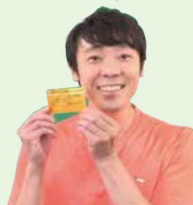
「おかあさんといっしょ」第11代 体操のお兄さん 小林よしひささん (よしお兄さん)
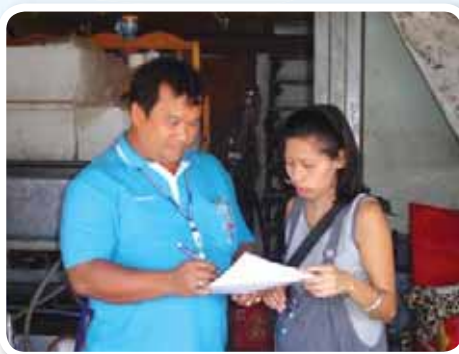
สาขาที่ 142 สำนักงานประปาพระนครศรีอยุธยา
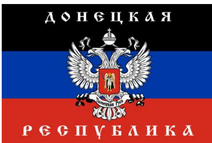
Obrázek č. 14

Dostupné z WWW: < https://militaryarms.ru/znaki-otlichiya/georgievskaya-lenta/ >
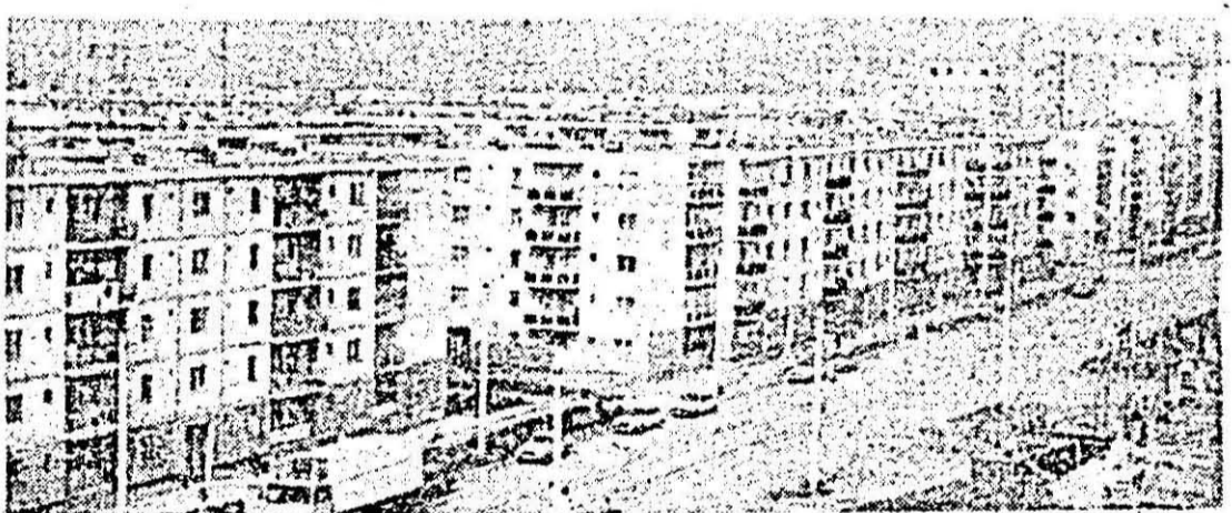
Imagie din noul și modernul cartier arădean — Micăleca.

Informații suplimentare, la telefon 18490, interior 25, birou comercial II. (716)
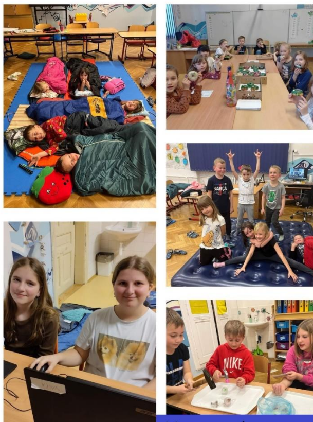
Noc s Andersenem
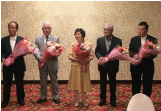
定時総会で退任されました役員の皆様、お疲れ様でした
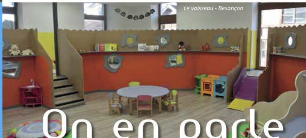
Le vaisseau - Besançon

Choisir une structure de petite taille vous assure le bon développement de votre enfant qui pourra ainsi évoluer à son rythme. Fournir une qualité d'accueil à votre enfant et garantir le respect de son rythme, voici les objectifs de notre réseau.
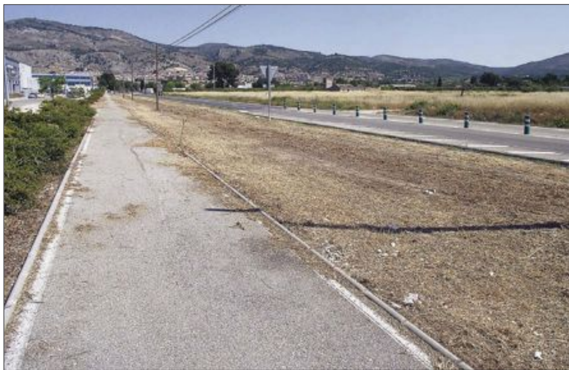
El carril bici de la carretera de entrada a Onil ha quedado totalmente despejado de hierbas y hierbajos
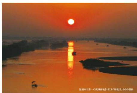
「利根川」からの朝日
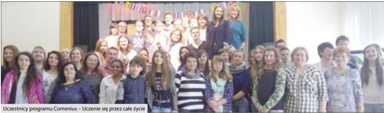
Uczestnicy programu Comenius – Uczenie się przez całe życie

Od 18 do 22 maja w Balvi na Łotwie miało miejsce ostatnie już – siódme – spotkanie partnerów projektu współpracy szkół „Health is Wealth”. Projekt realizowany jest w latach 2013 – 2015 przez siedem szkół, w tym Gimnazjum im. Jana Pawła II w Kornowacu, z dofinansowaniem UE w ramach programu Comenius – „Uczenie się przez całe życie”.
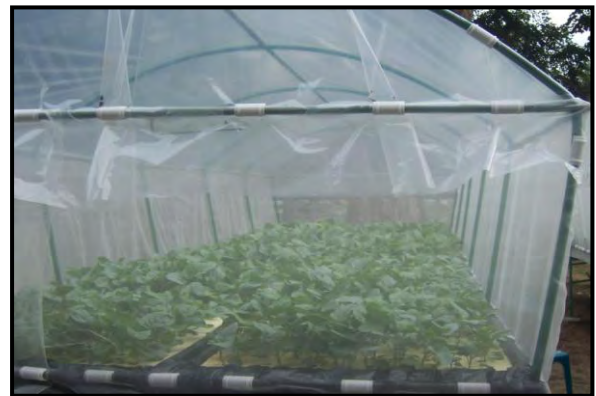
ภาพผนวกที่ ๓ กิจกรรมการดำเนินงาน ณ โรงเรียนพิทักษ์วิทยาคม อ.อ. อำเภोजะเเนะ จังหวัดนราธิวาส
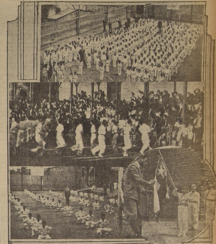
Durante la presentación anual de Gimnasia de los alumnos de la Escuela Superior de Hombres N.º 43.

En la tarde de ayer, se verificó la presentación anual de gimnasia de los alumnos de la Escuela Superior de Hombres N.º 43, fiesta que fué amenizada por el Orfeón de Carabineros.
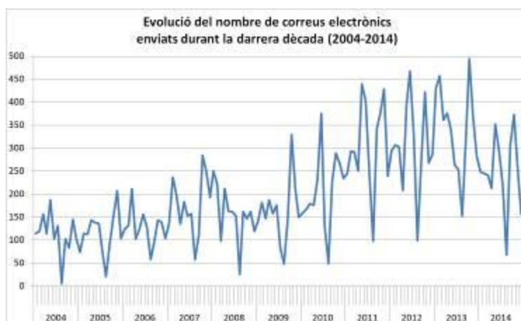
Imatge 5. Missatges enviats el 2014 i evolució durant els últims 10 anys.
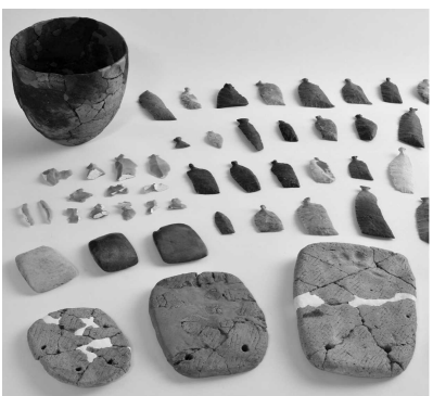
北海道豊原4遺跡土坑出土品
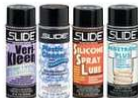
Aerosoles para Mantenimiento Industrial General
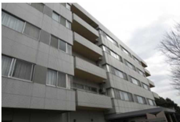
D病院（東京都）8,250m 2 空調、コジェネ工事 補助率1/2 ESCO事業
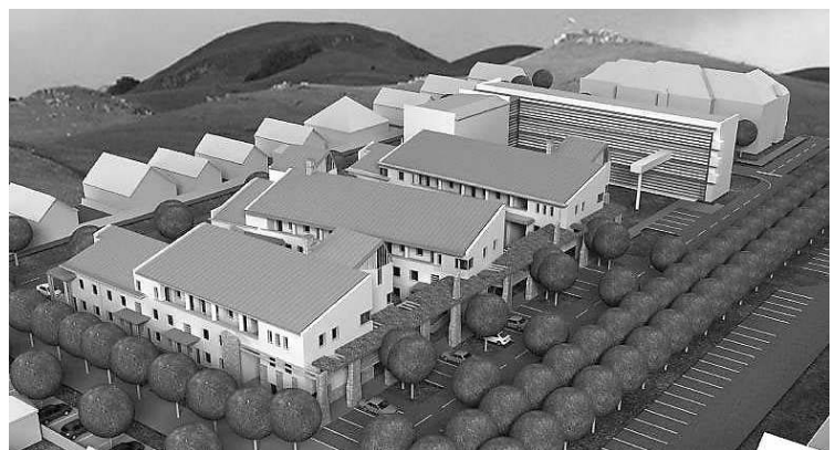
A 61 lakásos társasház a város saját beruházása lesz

▬▬▬

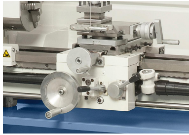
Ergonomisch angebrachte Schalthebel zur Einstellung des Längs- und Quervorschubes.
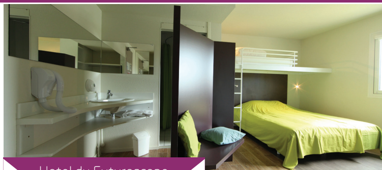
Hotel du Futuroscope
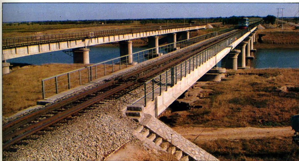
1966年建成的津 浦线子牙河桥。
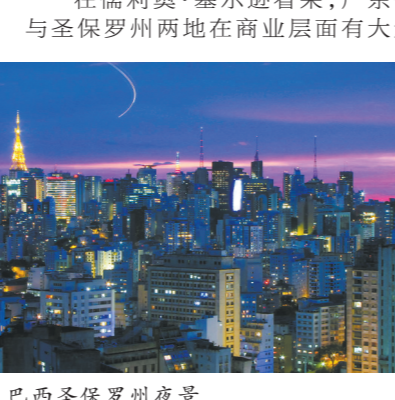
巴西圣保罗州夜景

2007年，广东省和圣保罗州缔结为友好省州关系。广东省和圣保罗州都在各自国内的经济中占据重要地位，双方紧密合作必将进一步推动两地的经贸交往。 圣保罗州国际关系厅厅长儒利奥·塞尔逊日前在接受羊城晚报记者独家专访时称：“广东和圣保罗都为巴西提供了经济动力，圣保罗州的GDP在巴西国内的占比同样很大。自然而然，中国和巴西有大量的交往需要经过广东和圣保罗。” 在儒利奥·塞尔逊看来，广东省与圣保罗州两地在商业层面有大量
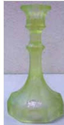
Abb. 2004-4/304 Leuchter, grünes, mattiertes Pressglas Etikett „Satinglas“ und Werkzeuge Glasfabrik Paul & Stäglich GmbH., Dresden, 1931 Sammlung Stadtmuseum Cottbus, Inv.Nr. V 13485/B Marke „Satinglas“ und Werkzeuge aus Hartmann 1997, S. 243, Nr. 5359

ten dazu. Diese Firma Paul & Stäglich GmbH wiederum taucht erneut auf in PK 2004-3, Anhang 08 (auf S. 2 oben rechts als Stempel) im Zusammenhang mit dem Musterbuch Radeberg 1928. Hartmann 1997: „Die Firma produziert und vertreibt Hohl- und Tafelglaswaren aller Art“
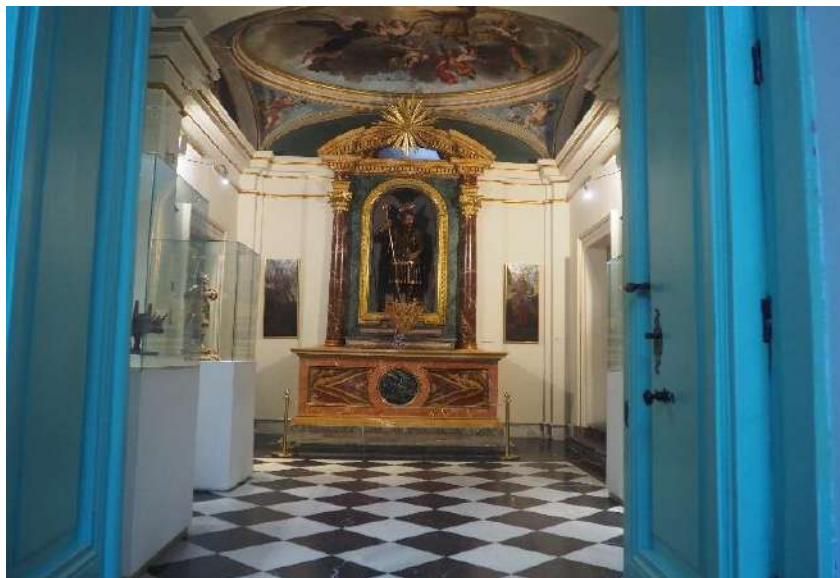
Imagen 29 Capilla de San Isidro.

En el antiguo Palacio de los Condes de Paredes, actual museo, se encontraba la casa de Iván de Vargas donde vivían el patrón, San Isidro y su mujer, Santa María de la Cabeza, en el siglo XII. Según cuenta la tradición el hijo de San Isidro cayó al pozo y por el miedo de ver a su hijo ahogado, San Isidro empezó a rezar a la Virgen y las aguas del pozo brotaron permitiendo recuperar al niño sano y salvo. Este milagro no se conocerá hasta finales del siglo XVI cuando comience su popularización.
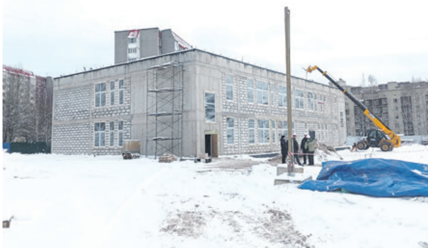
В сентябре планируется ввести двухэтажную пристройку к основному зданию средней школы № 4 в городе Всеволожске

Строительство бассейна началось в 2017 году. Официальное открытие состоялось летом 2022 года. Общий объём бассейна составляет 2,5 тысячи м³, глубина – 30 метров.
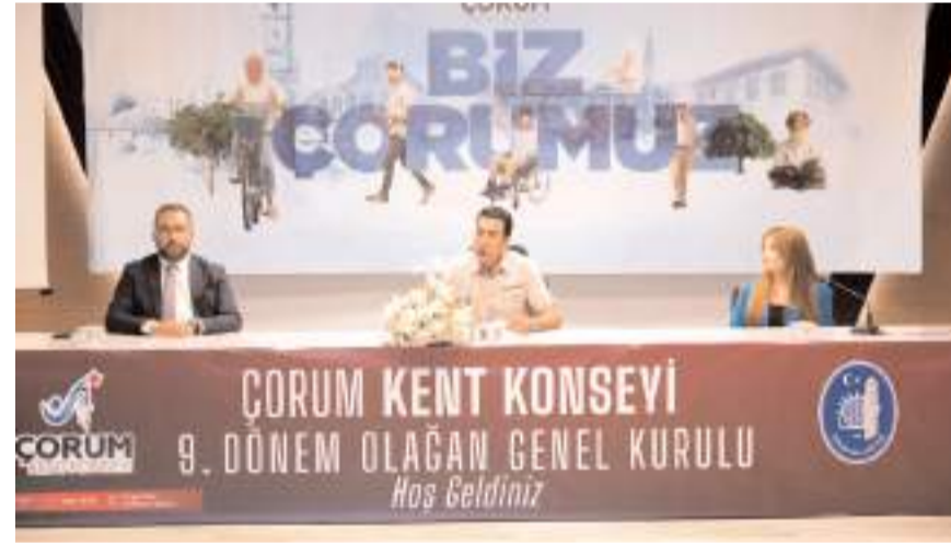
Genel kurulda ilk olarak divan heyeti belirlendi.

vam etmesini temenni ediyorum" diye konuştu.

▬▬▬

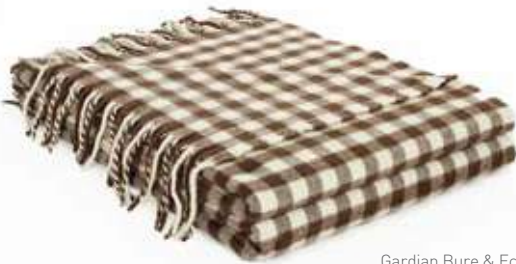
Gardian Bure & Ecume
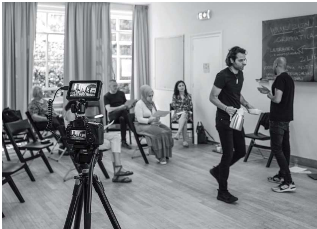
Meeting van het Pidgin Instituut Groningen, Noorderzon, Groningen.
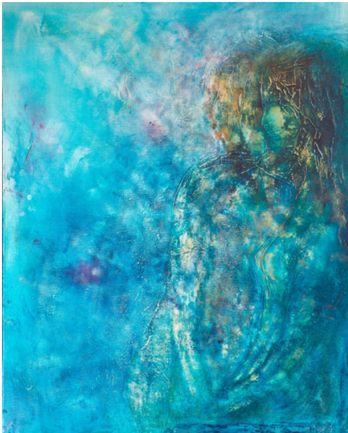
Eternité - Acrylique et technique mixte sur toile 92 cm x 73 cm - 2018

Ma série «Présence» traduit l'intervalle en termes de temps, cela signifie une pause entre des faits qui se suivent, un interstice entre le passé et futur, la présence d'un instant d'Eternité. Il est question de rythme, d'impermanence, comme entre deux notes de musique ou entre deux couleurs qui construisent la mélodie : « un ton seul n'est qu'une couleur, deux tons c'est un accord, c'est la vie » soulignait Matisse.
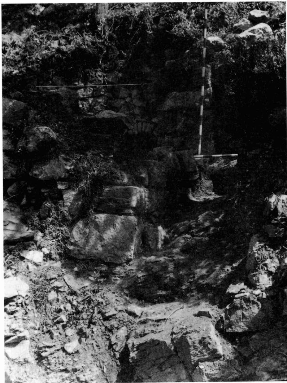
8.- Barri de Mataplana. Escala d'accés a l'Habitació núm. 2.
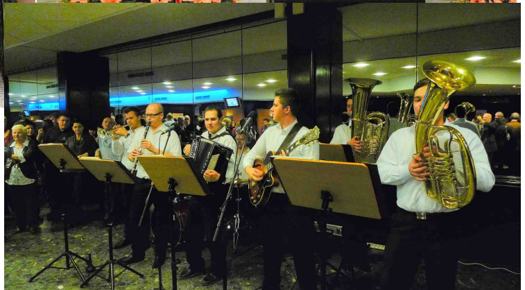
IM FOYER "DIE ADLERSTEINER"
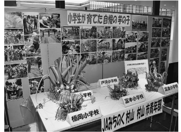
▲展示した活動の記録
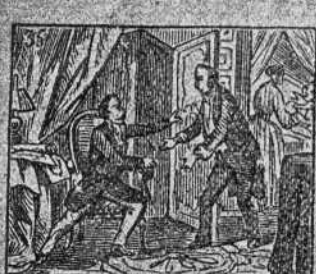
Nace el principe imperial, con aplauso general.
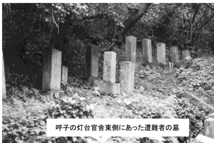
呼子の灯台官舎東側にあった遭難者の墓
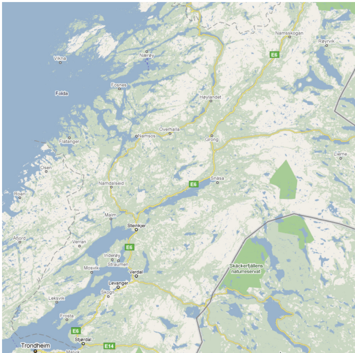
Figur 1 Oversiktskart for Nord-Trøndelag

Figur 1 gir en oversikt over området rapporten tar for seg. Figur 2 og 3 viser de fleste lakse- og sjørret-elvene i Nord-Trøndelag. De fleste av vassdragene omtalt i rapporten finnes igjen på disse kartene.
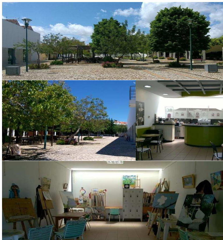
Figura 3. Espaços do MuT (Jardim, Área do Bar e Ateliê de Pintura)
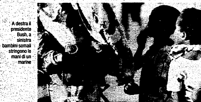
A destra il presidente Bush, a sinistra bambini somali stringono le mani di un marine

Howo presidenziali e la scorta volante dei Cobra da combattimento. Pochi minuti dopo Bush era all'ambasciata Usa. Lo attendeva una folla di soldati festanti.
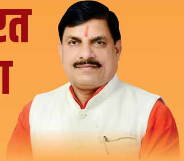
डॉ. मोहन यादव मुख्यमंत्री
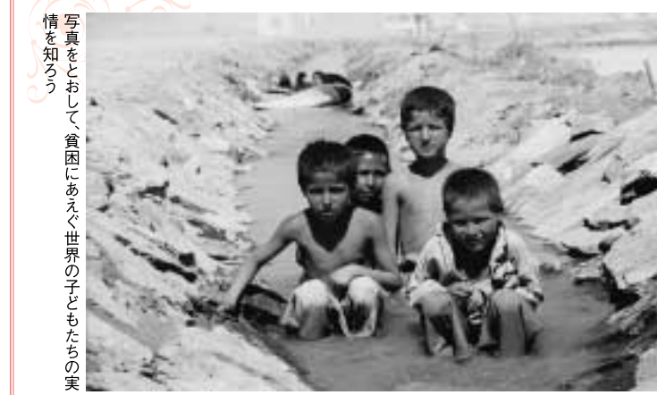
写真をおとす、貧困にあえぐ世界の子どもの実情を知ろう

▬▬▬

### [WHAT THE EXERCISE ASKS]
Using the records above, return word for word the lines that begin at the one containing "Uczestnicy programu Comenius" and end at the one containing "Durante la presentación", both of them included and no pictures.

### [SOLUTION TO THIS TASK]
Uczestnicy programu Comenius – Uczenie się przez całe życie

Od 18 do 22 maja w Balvi na Łotwie miało miejsce ostatnie już – siódme – spotkanie partnerów projektu współpracy szkół „Health is Wealth”. Projekt realizowany jest w latach 2013 – 2015 przez siedem szkół, w tym Gimnazjum im. Jana Pawła II w Kornowacu, z dofinansowaniem UE w ramach programu Comenius – „Uczenie się przez całe życie”.
ภาพผนวกที่ ๓ กิจกรรมการดำเนินงาน ณ โรงเรียนพิทักษ์วิทยาคม อ.อ. อำเภोजะเเนะ จังหวัดนราธิวาส
Durante la presentación anual de Gimnasia de los alumnos de la Escuela Superior de Hombres N.º 43.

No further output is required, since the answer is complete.